ASSIGNED TASK
Print every line of the material below exactly as it stands, but omit the pictures.

SOURCE MATERIAL
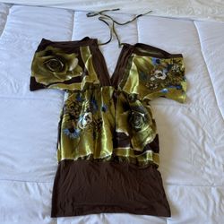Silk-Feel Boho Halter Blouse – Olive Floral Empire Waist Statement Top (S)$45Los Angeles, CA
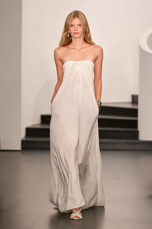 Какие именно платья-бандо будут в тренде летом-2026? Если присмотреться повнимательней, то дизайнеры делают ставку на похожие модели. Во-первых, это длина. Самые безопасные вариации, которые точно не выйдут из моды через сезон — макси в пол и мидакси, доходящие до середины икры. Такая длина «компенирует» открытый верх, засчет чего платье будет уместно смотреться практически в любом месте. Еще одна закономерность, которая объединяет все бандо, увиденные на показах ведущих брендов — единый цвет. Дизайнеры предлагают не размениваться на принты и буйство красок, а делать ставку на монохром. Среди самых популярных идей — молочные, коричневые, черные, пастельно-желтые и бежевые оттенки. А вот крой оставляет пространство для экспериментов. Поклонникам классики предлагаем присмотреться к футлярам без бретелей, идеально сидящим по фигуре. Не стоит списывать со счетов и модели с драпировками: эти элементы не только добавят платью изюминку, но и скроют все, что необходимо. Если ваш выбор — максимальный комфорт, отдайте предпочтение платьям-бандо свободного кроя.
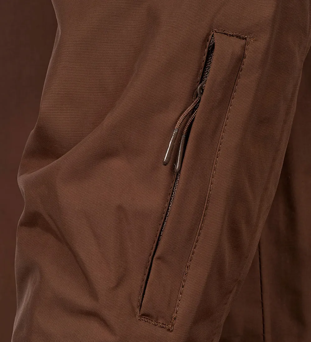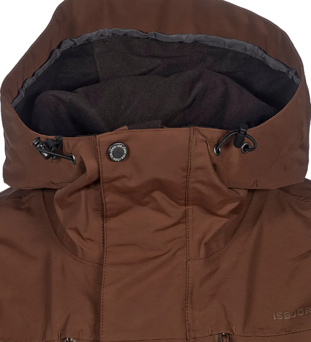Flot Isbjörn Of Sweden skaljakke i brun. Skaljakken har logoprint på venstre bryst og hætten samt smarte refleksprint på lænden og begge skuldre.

RESULT OF THE TASK
Silk-Feel Boho Halter Blouse – Olive Floral Empire Waist Statement Top (S)$45Los Angeles, CA
 Какие именно платья-бандо будут в тренде летом-2026? Если присмотреться повнимательней, то дизайнеры делают ставку на похожие модели. Во-первых, это длина. Самые безопасные вариации, которые точно не выйдут из моды через сезон — макси в пол и мидакси, доходящие до середины икры. Такая длина «компенирует» открытый верх, засчет чего платье будет уместно смотреться практически в любом месте. Еще одна закономерность, которая объединяет все бандо, увиденные на показах ведущих брендов — единый цвет. Дизайнеры предлагают не размениваться на принты и буйство красок, а делать ставку на монохром. Среди самых популярных идей — молочные, коричневые, черные, пастельно-желтые и бежевые оттенки. А вот крой оставляет пространство для экспериментов. Поклонникам классики предлагаем присмотреться к футлярам без бретелей, идеально сидящим по фигуре. Не стоит списывать со счетов и модели с драпировками: эти элементы не только добавят платью изюминку, но и скроют все, что необходимо. Если ваш выбор — максимальный комфорт, отдайте предпочтение платьям-бандо свободного кроя.
Flot Isbjörn Of Sweden skaljakke i brun. Skaljakken har logoprint på venstre bryst og hætten samt smarte refleksprint på lænden og begge skuldre.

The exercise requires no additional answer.